After a game in which she once again was only a part-time player, the coach and his standout player had a heart-to-heart talk.
“It was long,” Lauren said. “The game before that, he didn’t put me on defense, and I was just offense. I was upset with that. He pulled me aside the next day at practice and explained why he had done that. We talked about everything. It was a good talk.”
“I knew this was affecting Lauren, because she was reacting to me not like she normally did,” Artall said. “I knew she was frustrated and aggravated. So I let the assistant coaches run practice, and we talked and laughed and cried together.
“I try to treat these girls like my own two daughters. I told her I was looking after her safety and well-being. Since the conversation, our connection is back like it was. It is all positive.”
Lauren also has regained her confidence at the plate: Her average has climbed above the .300 mark as she helped the team back to the Class 2A playoffs. No. 13 Opelousas Catholic hosts No. 20 Sacred Heart at 4:30 p.m. Monday.
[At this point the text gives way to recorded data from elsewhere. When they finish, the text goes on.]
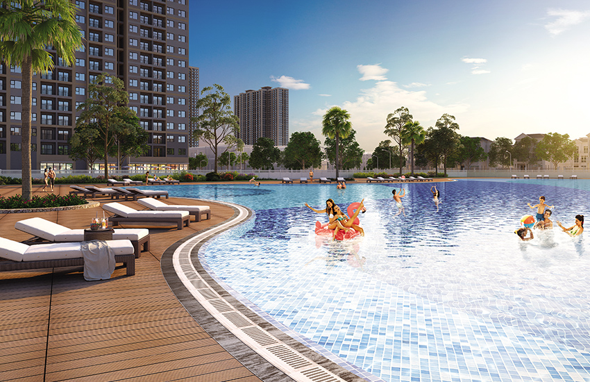 Chỉ 1 bước chân từ sảnh căn hộ, cư dân có thể thư thái cảm nhận không khí trong lành mặt hồ lớn trung tâm với những bờ cát trắng mịn và rặng dừa xanh trải dài, cùng với đó đặc quyền riêng của cư dân Căn Hộ The Beverly hồ bơi nước mặn theo phong cách resort mời gọi cư dân và gia đình thỏa thích tắm biển mỗi ngày.
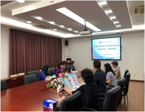 2019年10月12日,张晓红院长一行赴广东外语外贸大学英语语言文化学院开展调研与交流工作,双方就英语专业建设、外语学科发展和国际化行动等问题进行了深度交流与沟通。
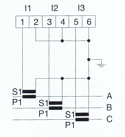 2、標(biāo)準(zhǔn)額定輸入電流為5A, 大于5A的情況應(yīng)使用外部CT。如果使用的CT上連有其它儀表, 接線應(yīng)采用串接方式。接線方式
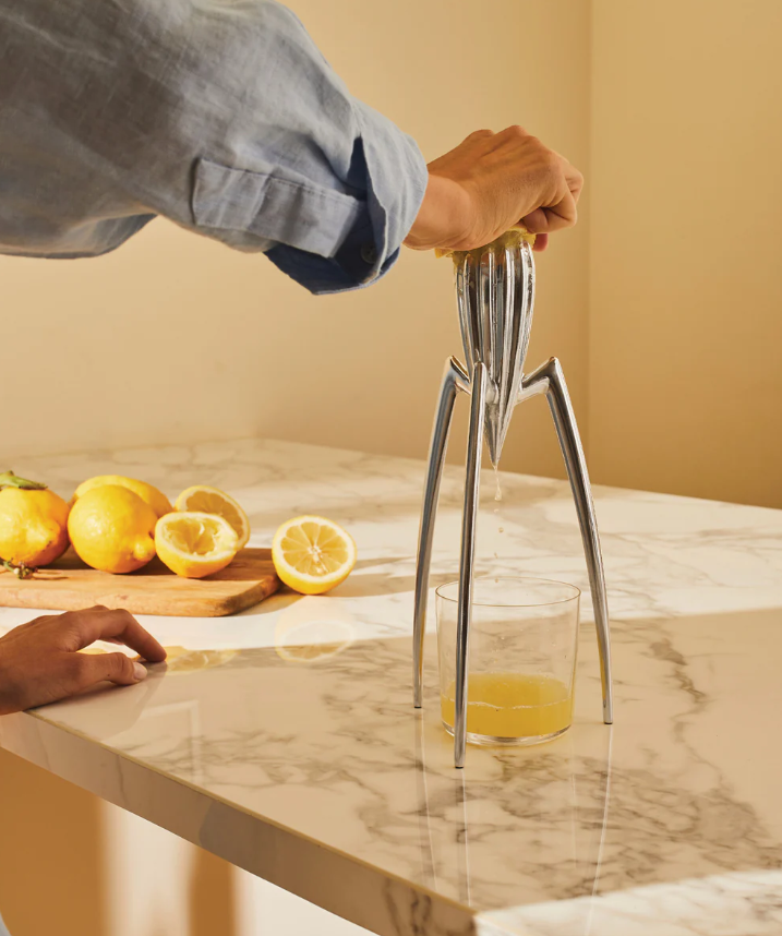 Ikoninen Philippe Starckin Sitruspuserrin joka on upea esine mutta myös toimiva puserrin johon saat helposti astian alle.

“Just seeing her out on the field laughing with her friends is the most gratifying thing for us as parents,” Chris said.
“As a parent, you quickly compromise when you get your child back,” Stacie added. “It didn’t matter what I got back, as long as I got her back.”
As for whether the family will return to the snow-covered Colorado slopes, Mom and Dad are a little cautious. Stacie even suggested having ropes tied to one another, but the youngest Miller didn’t hesitate.
“I want to,” Lauren said. “I think if I remember it, then I would feel different. But I don’t know what happened, so I am not scared at all.”